札幌弁護士会の法律相談によせられる皆様の質問に、弁護士がズバリ答えます。
毎週火曜日の午前9時15分から15分間,役立つ情報を月替わりのテーマで放送していきます。
2月は4週連続で、弁護士による犯罪被害者支援について取り上げることになります。
今回は、新しいゲストをお呼びしています。紹介します。
札幌弁護士会に所属の弁護士、奧野舞(オクノマイ)さんです。
奧野:どうぞ、よろしくお願いします。
第1 インターネット犯罪について
— 先々週ご出演の吉田さんや先週ご出演の竹間さんと同じく、奧野さんも札幌弁護士会の犯罪被害者支援委員会に所属しているのですね。

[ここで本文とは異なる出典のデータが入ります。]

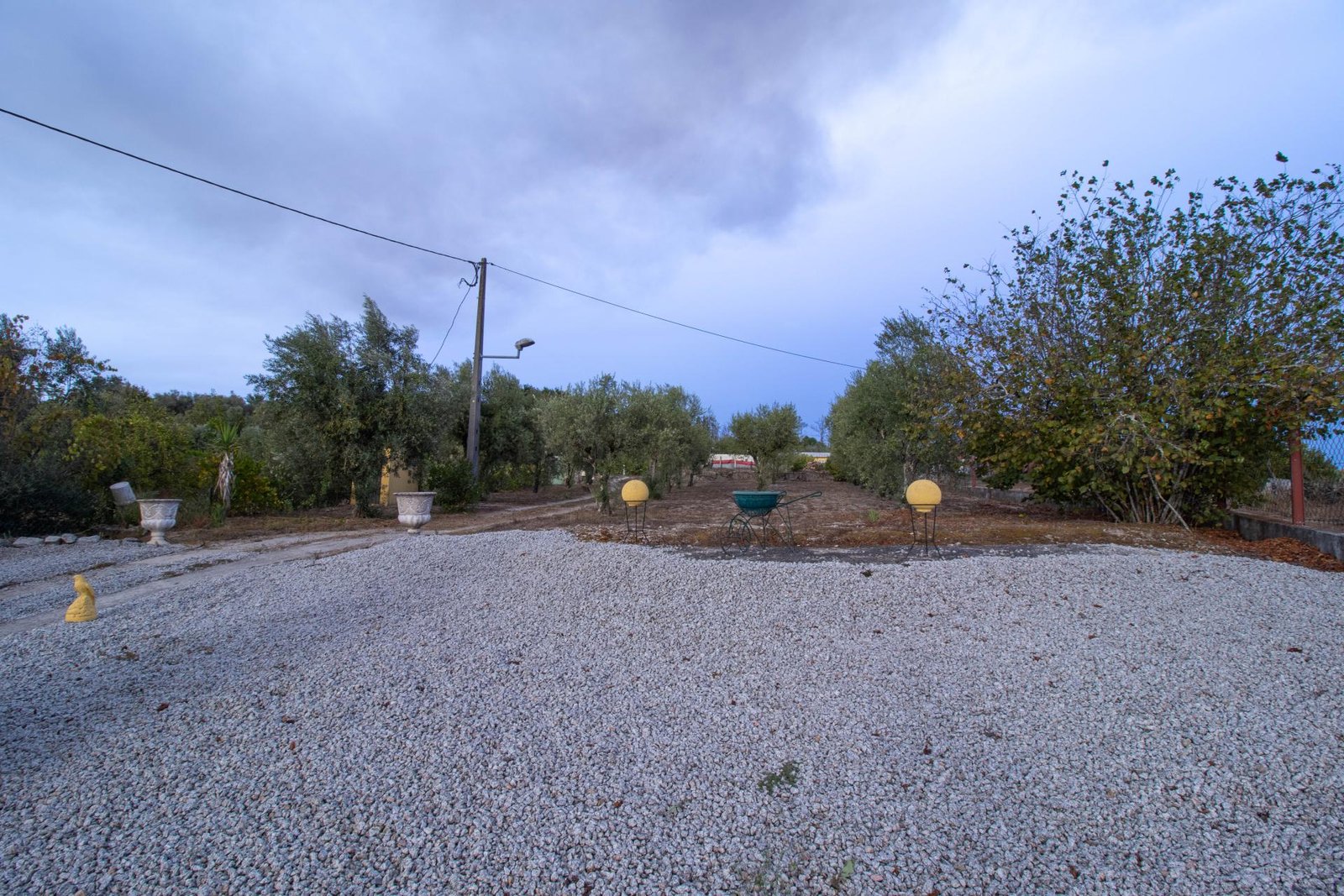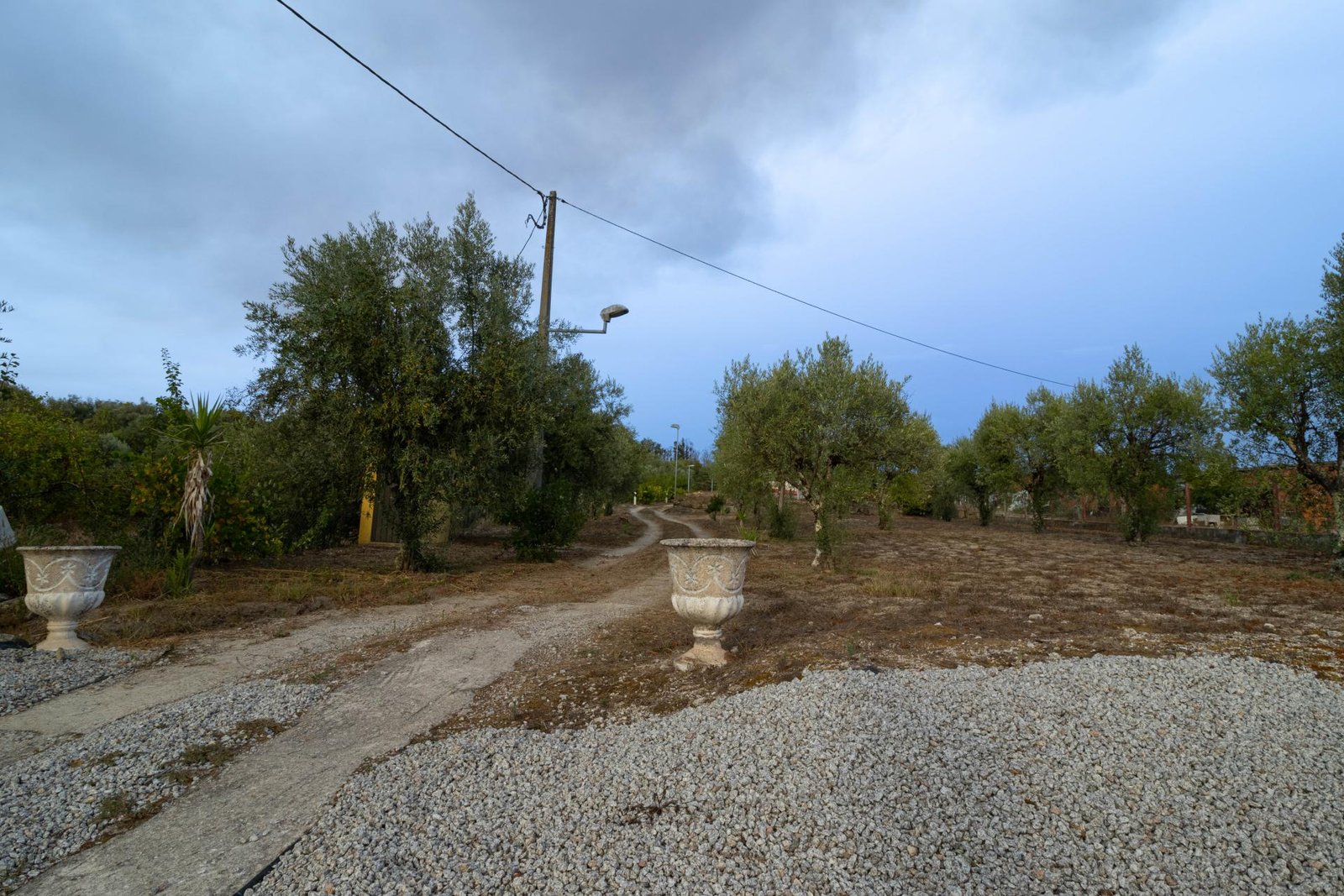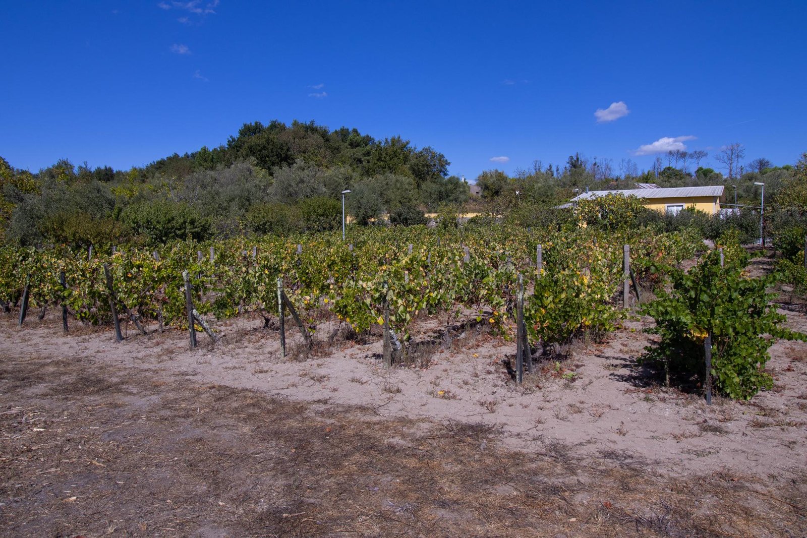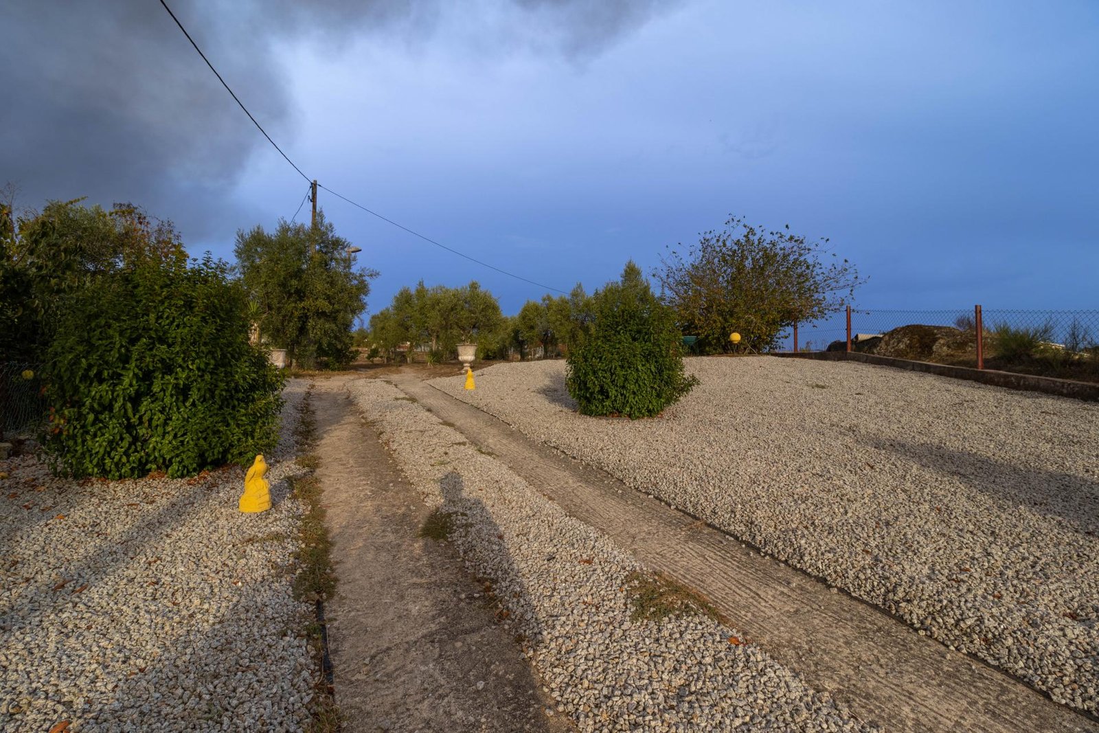 O terreno inclui 60 oliveiras, vinha e uma grande variedade de árvores de fruto, proporcionando um ambiente fértil e produtivo, com vista para a Serra da Estrela.

奧野:はい。弁護士3年目,かつ犯罪被害者支援活動に携わって3年目とまだまだ未熟な若手ですが,犯罪被害者支援活動ではインターネット犯罪など,近年になって増加した新しい犯罪類型にも対応していく柔軟性と貪欲さが必要なので,若手の弁護士も活躍できる分野であると思います。
— さて、今日のテーマはただいまお話のあった「インターネット犯罪」ですが,例えば,どういったものが典型的な「インターネット犯罪」に当たるのでしょうか。インターネットといえば,自宅にパソコンがあったり,スマートフォンを持っていたりなど,今や国民にとって誰でも使えるツールですから,インターネット上のどういった行為が犯罪にあたるのか,知っておくことは重要ですよね?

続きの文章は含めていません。